Exercise description: Copy word for word the lines in the records below, starting at the line with "Тихое место для" and ending at the line with "通過(guò)教育科技產(c". Skip the pictures.

Data supplied:
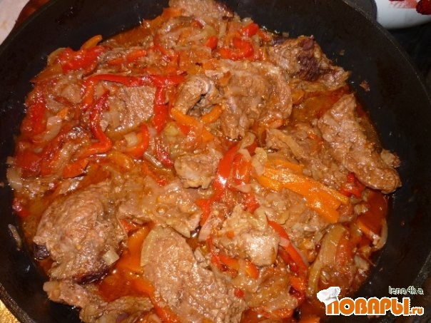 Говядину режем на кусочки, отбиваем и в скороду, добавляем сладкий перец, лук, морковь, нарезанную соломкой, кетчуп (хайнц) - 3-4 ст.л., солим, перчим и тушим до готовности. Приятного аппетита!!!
--
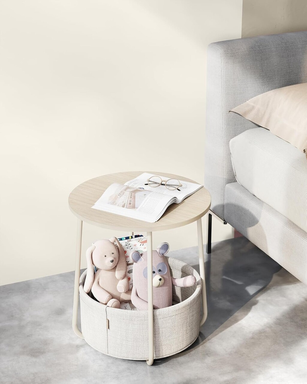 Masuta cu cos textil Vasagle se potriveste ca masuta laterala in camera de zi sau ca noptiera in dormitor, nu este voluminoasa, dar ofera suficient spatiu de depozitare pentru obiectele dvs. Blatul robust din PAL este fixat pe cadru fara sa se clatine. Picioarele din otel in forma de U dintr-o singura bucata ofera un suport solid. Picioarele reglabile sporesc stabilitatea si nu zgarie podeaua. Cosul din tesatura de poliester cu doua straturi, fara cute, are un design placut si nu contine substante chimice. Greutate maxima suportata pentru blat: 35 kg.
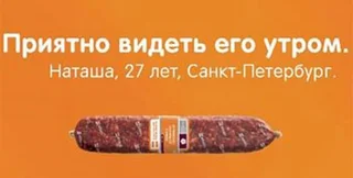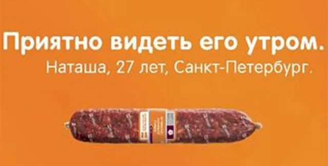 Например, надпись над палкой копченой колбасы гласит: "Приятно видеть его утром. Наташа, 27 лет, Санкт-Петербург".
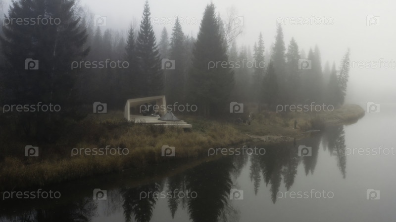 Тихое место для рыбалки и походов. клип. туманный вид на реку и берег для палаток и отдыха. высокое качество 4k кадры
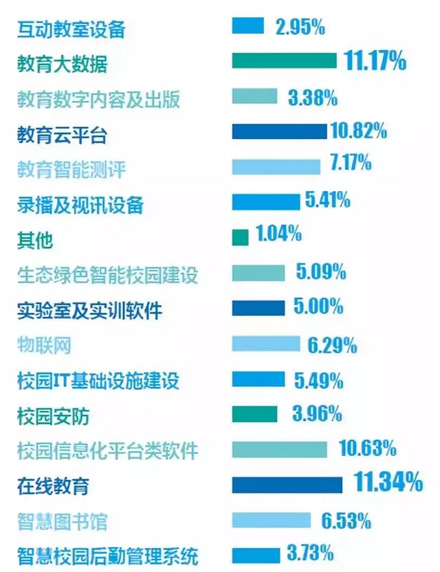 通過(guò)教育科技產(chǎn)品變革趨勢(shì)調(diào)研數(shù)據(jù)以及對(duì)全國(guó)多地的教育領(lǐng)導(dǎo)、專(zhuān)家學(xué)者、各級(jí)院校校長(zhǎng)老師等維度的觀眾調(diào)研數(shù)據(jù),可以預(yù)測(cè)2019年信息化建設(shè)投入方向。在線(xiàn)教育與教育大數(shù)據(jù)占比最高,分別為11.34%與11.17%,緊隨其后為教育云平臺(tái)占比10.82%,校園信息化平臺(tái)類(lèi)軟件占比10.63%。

Answer space:
 Тихое место для рыбалки и походов. клип. туманный вид на реку и берег для палаток и отдыха. высокое качество 4k кадры
 通過(guò)教育科技產(chǎn)品變革趨勢(shì)調(diào)研數(shù)據(jù)以及對(duì)全國(guó)多地的教育領(lǐng)導(dǎo)、專(zhuān)家學(xué)者、各級(jí)院校校長(zhǎng)老師等維度的觀眾調(diào)研數(shù)據(jù),可以預(yù)測(cè)2019年信息化建設(shè)投入方向。在線(xiàn)教育與教育大數(shù)據(jù)占比最高,分別為11.34%與11.17%,緊隨其后為教育云平臺(tái)占比10.82%,校園信息化平臺(tái)類(lèi)軟件占比10.63%。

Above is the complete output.